───── TASK DATA ─────

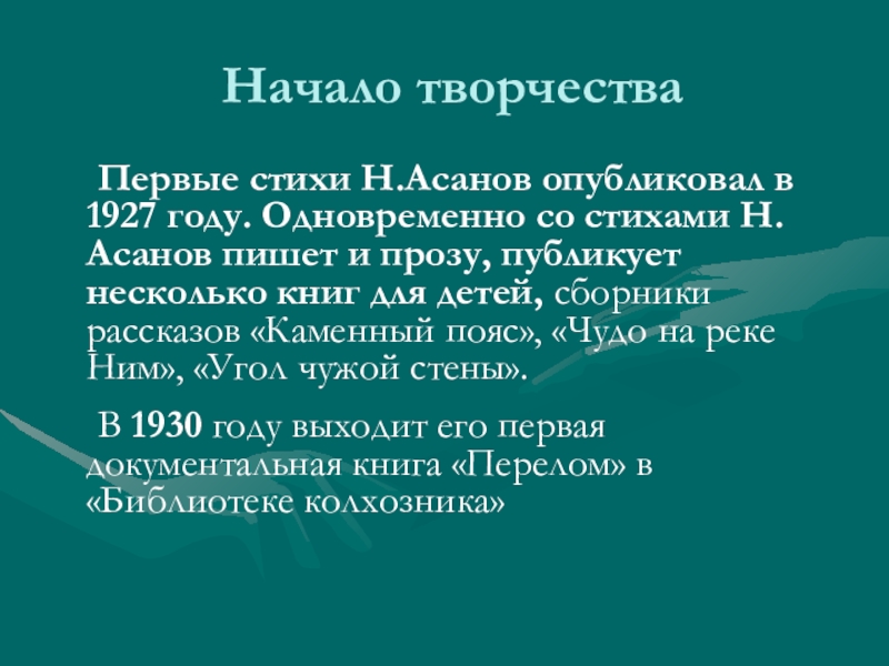 Первые стихи Н.Асанов опубликовал в 1927 году. Одновременно со
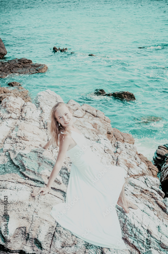 Beautiful blond bride in white wedding dress stand on sea shore. Tropical sea and rrocks on the background. Summer vacation concept.
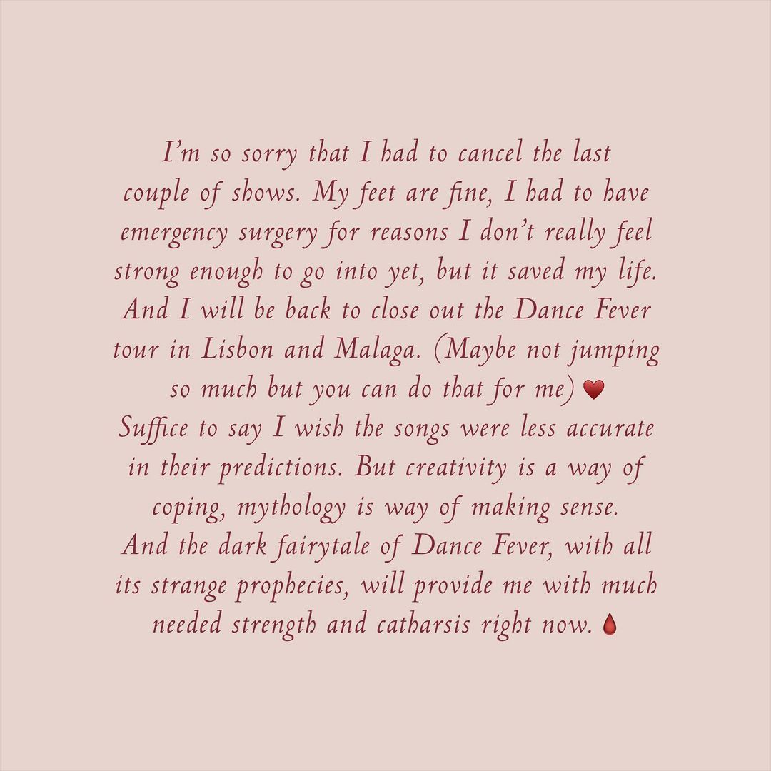 Cabe recordar que Florence + The Machine se encuentra en medio de lo que ha sido una gira mundial para promocionar su más reciente álbum de estudio, Dance Fever. Sin embargo, la gira ha enfrentado algunas dificultades debido a los problemas de salud de su líder y voz.
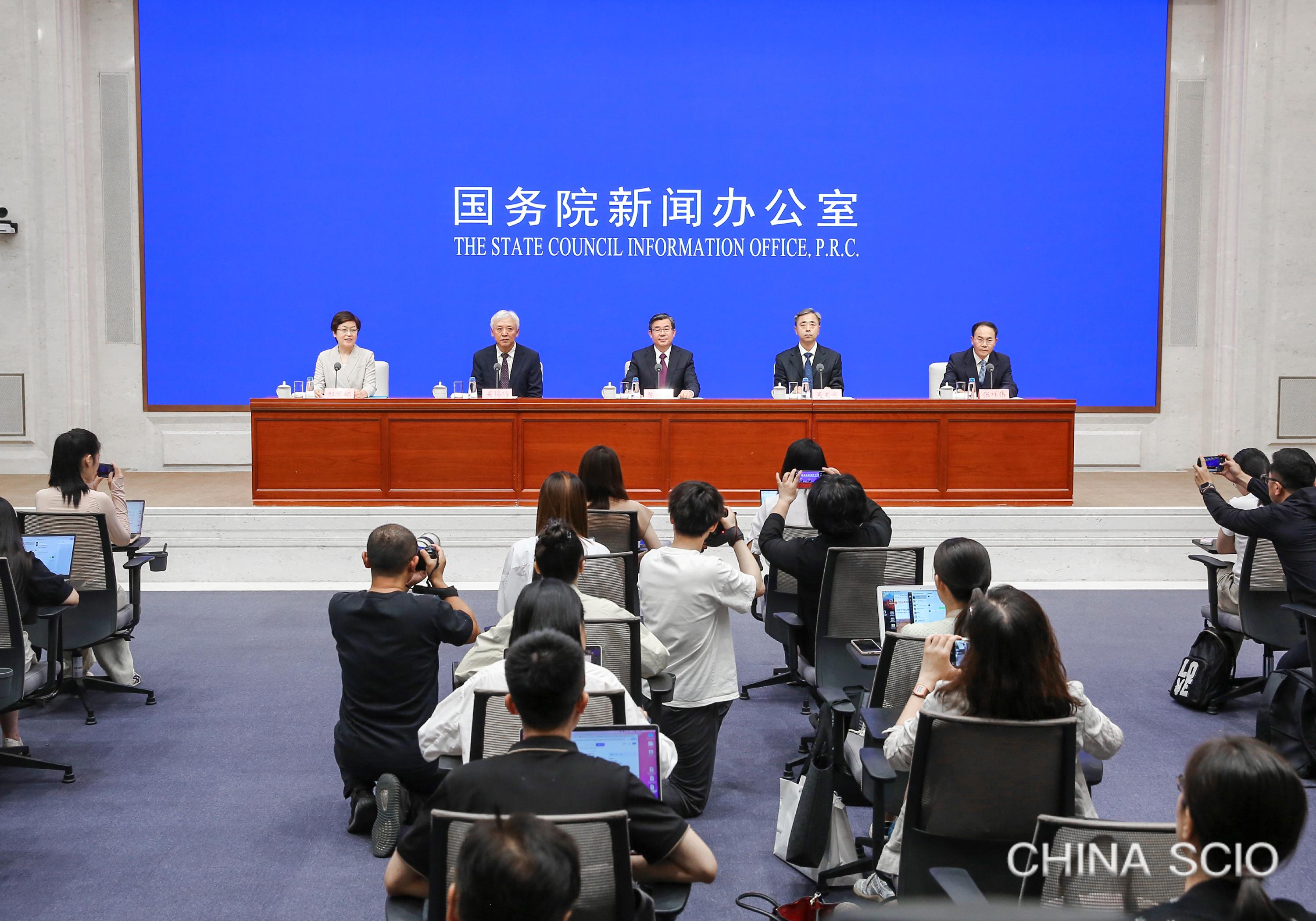 On July 4, 2025, the State Council Information Office holds a press conference in Beijing on promoting comprehensive river protection and management. [Photo by Liu Jian/China SCIO]
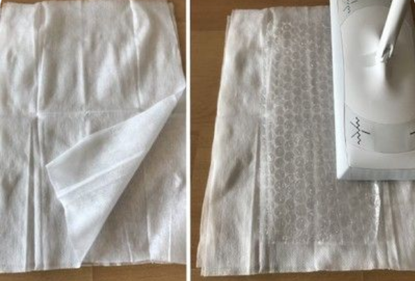 시트를 2~3장 겹쳐서, 밀대 걸레 의 헤드와 시트의 사이에 헤드 사이즈에 맞게 자른 에어캡 을 껴주는것 만으로 끝. 에어캡 의 기포 부분을 바닥으로 향하게 해서 끼어주는 것이 요령입니다.
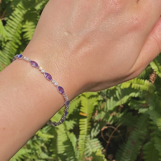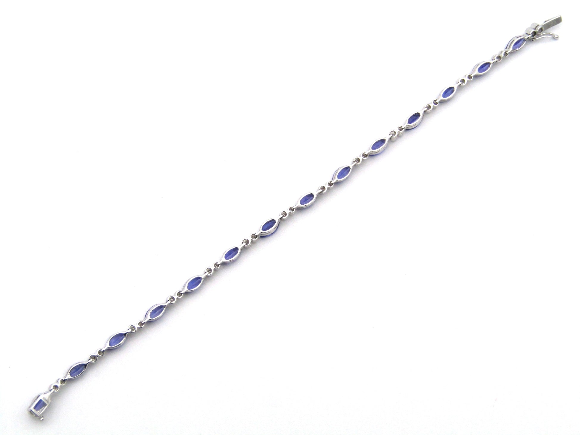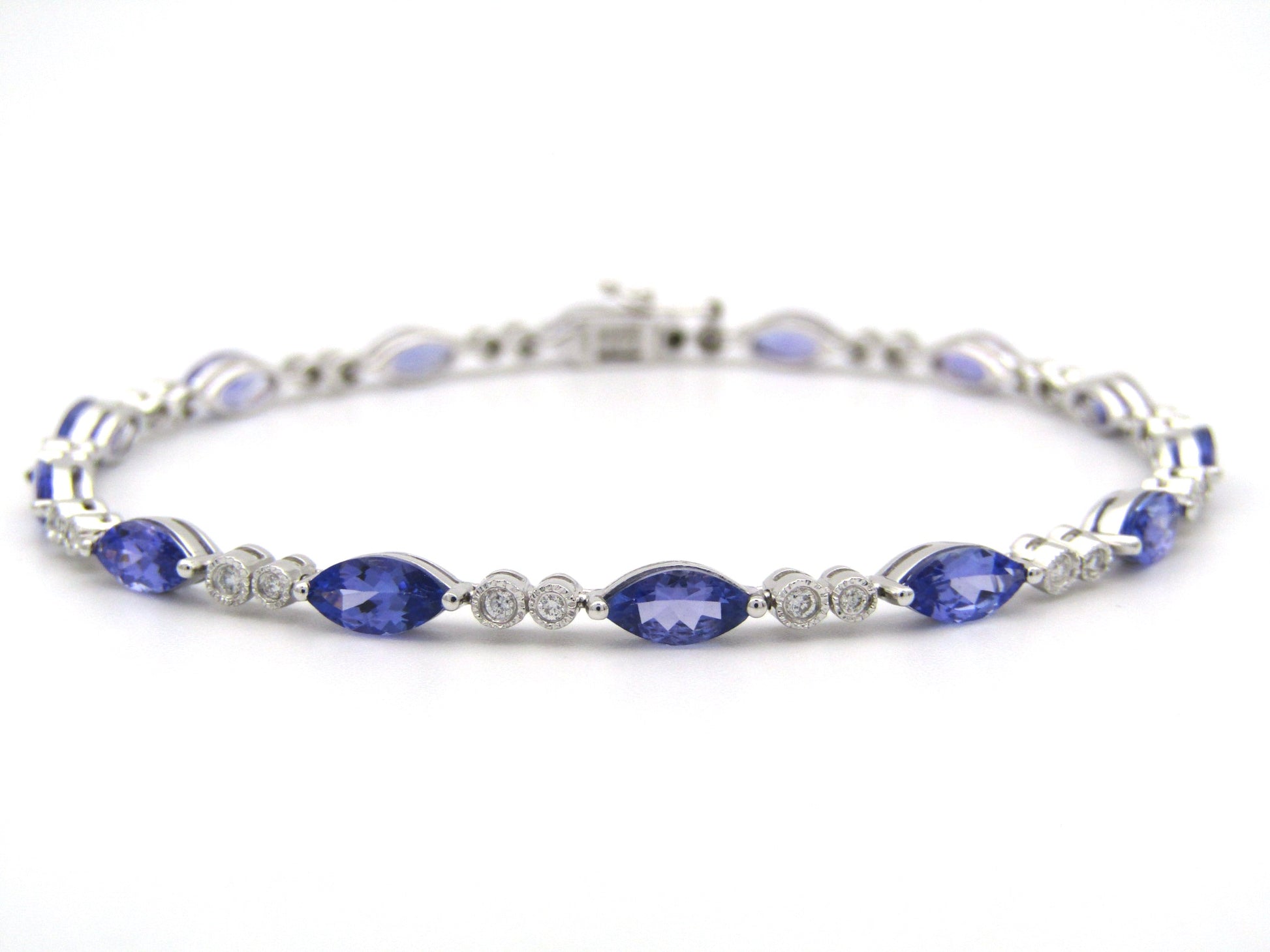 Classy and chic, set in gleaming 18K white gold, 14 marquise shaped tanzanites sparkle like bright berries in a straight line, with two round brilliant cut diamonds set in-between each in bezel settings with millegraine borders. This stunning bracelet was made by Browns in 2009.

─────

TASK OBJECTIVE:
From the first line above to the last, copy the records exactly but omit the pictures.

YOUR RESPONSE:
 Первые стихи Н.Асанов опубликовал в 1927 году. Одновременно со
 Beautiful blond bride in white wedding dress stand on sea shore. Tropical sea and rrocks on the background. Summer vacation concept.
 Cabe recordar que Florence + The Machine se encuentra en medio de lo que ha sido una gira mundial para promocionar su más reciente álbum de estudio, Dance Fever. Sin embargo, la gira ha enfrentado algunas dificultades debido a los problemas de salud de su líder y voz.
 On July 4, 2025, the State Council Information Office holds a press conference in Beijing on promoting comprehensive river protection and management. [Photo by Liu Jian/China SCIO]
 시트를 2~3장 겹쳐서, 밀대 걸레 의 헤드와 시트의 사이에 헤드 사이즈에 맞게 자른 에어캡 을 껴주는것 만으로 끝. 에어캡 의 기포 부분을 바닥으로 향하게 해서 끼어주는 것이 요령입니다.
 Classy and chic, set in gleaming 18K white gold, 14 marquise shaped tanzanites sparkle like bright berries in a straight line, with two round brilliant cut diamonds set in-between each in bezel settings with millegraine borders. This stunning bracelet was made by Browns in 2009.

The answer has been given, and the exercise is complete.